Armand Launay. Né à Pont-de-l'Arche en 1980, j'ai étudié l'histoire et la sociologie à l'université du Havre (Licence) avant d'obtenir un DUT information-communication qui m'a permis de devenir agent des bibliothèques. J'ai ainsi été formateur en recherche documentaire et en rédaction de littérature scientifique. Compte LinkedIn.

Depuis 2002, je mets en valeur le patrimoine et l'histoire de Pont-de-l'Arche à travers :

- des visites commentées de la ville depuis 2004 ;

- la publication de 20 numéros de La Fouine magazine (2003-2007) et d'articles : "Conviviale et médiévale, Pont-de-l'Arche vous accueille", Patrimoine normand n° 75 ; "Pont-de-l'Arche, berceau de l'infanterie française ?", Patrimoine normand n° 76 ; "Bonport : l'ancienne abbaye dévoile son histoire", Patrimoine normand n° 79 ; "Chaussures Marco : deux siècles de savoir-plaire normand !", Pays de Normandie n° 75.

Bibliographie

- L'Histoire des Damps et des prémices de Pont-de-l'Arche (éditions Charles-Corlet, 2007, 240 pages)

- Pont-de-l'Arche (éditions Alan-Sutton, collection "Mémoire en images", 2008, 117 pages)

- Pont-de-l'Arche, cité de la chaussure : étude sur un patrimoine industriel normand depuis le XVIIIe siècle (mairie de Pont-de-l'Arche, 2009, 52 pages)

- Pont-de-l'Arche, un joyau médiéval au coeur de la Normandie : guide touristique et patrimonial (mairie de Pont-de-l'Arche, 2010, 40 pages).

- Pont-de-l'Arche 1911 I 2011 : l'évolution urbaine en 62 photographies (mairie de Pont-de-l'Arche, 2010, 32 pages).

De 2008 à 2014, j'ai été conseiller municipal délégué à la communication et rédacteur en chef de "Pont-de-l'Arche magazine".

Depuis 2014, je suis professeur de philosophie à Mayotte. Gege wanazioni wangu !

Réflexion

Le temps n'est pas. Il n'y a qu'une règle graduée portant les marques "hier, aujourd'hui et demain" ; c'est-à-dire quelques traits issus de la faculté des Hommes à compter le passage des astres ; beautés et mesures à la fois, par Odin !

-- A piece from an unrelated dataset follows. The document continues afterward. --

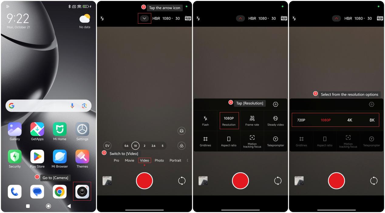 調整在 Xiaomi 14T Pro 上拍攝視頻的解析度允許您在 8K、4K、1080P 和 720P 之間進行選擇。 此外,通過選擇合適的解析度,您可以根據需要優化視頻品質,並確保在共用或編輯視頻時獲得更好的播放性能。

C'est avec cette règle que les Hommes tentent de mesurer les phénomènes les plus apparents. Ils se donnent des repères parmi l'érosion, véritable mère de la prise de conscience : "ce qui est rare à du prix" écrivait Chateaubriand. 

Il s'agit alors de prendre conscience de l'interdépendance entre tous les phénomènes, leur âme, et leur manière de s'attacher à notre âme. Pont-de-l'Arche où la terre natale... 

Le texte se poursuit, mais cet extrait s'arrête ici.